**Required action:**
Without the pictures, write the listing out again exactly as it appears.

**Source material:**

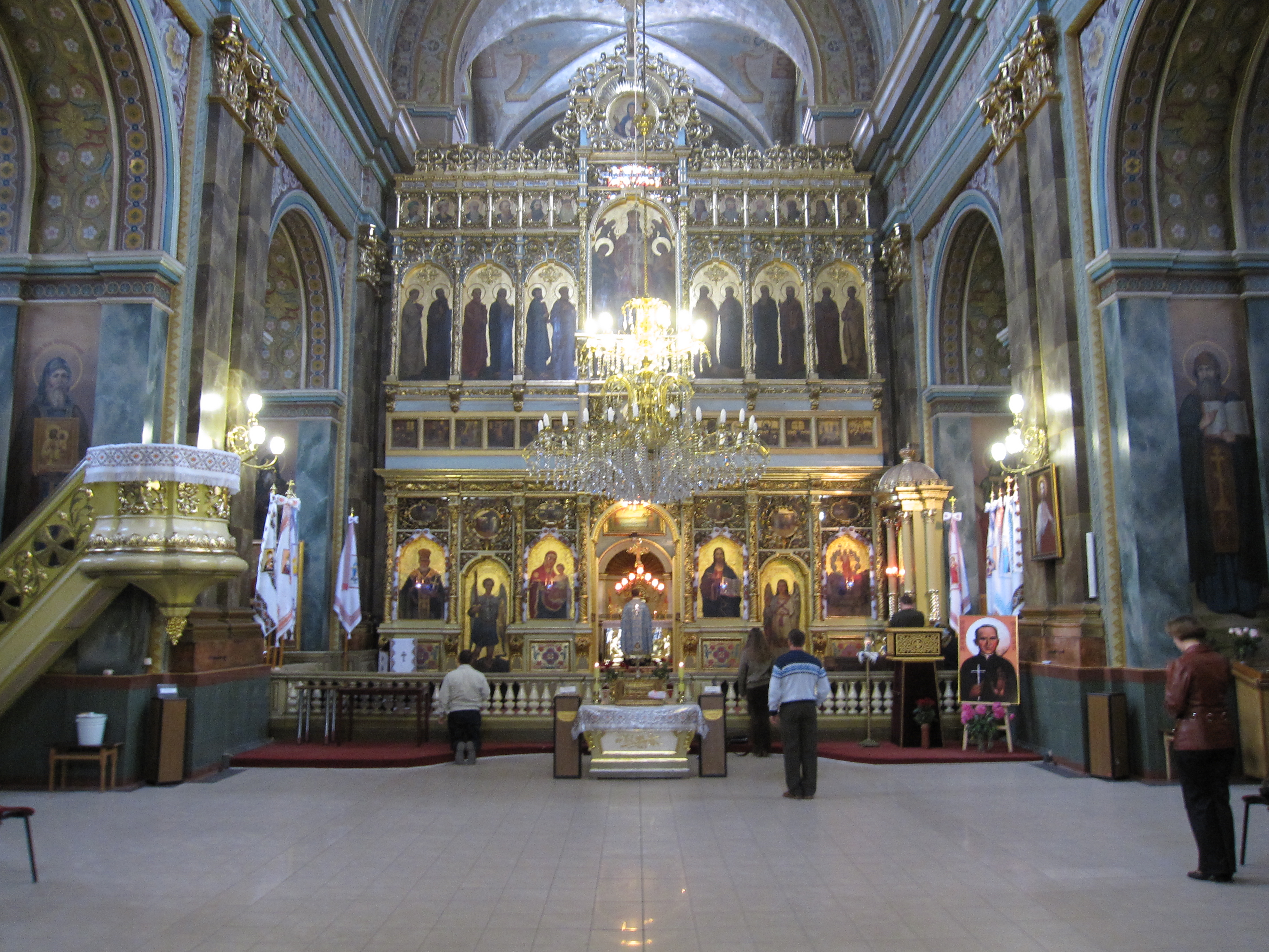 Interior of the Cathedral of Holy Resurrection in Stanisławów
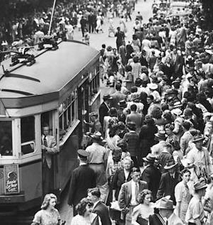 The source of this image is the National Archives of Australia, image number A1200, L11563.
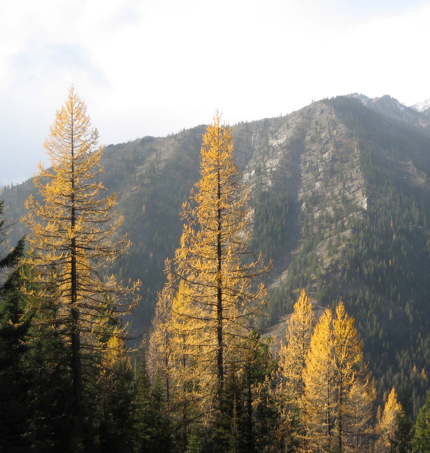 Larix occidentalis in fall colors. Navaho Ridge, Washington, USA.
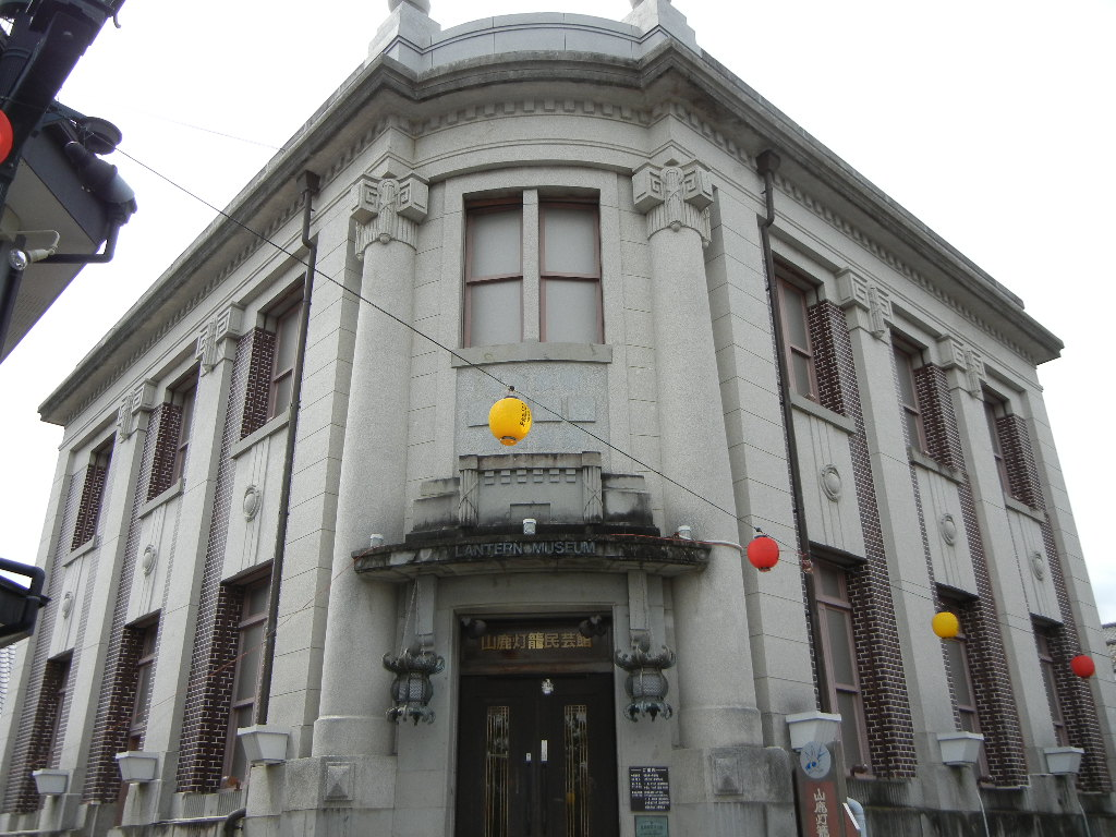 Yamaga-Lantern-Museum (Former Yasuda Bank Yamaga Branch), Yamaga, Kumamoto prefecture

**The completed task:**
 Interior of the Cathedral of Holy Resurrection in Stanisławów
 The source of this image is the National Archives of Australia, image number A1200, L11563.
 Larix occidentalis in fall colors. Navaho Ridge, Washington, USA.
 Yamaga-Lantern-Museum (Former Yasuda Bank Yamaga Branch), Yamaga, Kumamoto prefecture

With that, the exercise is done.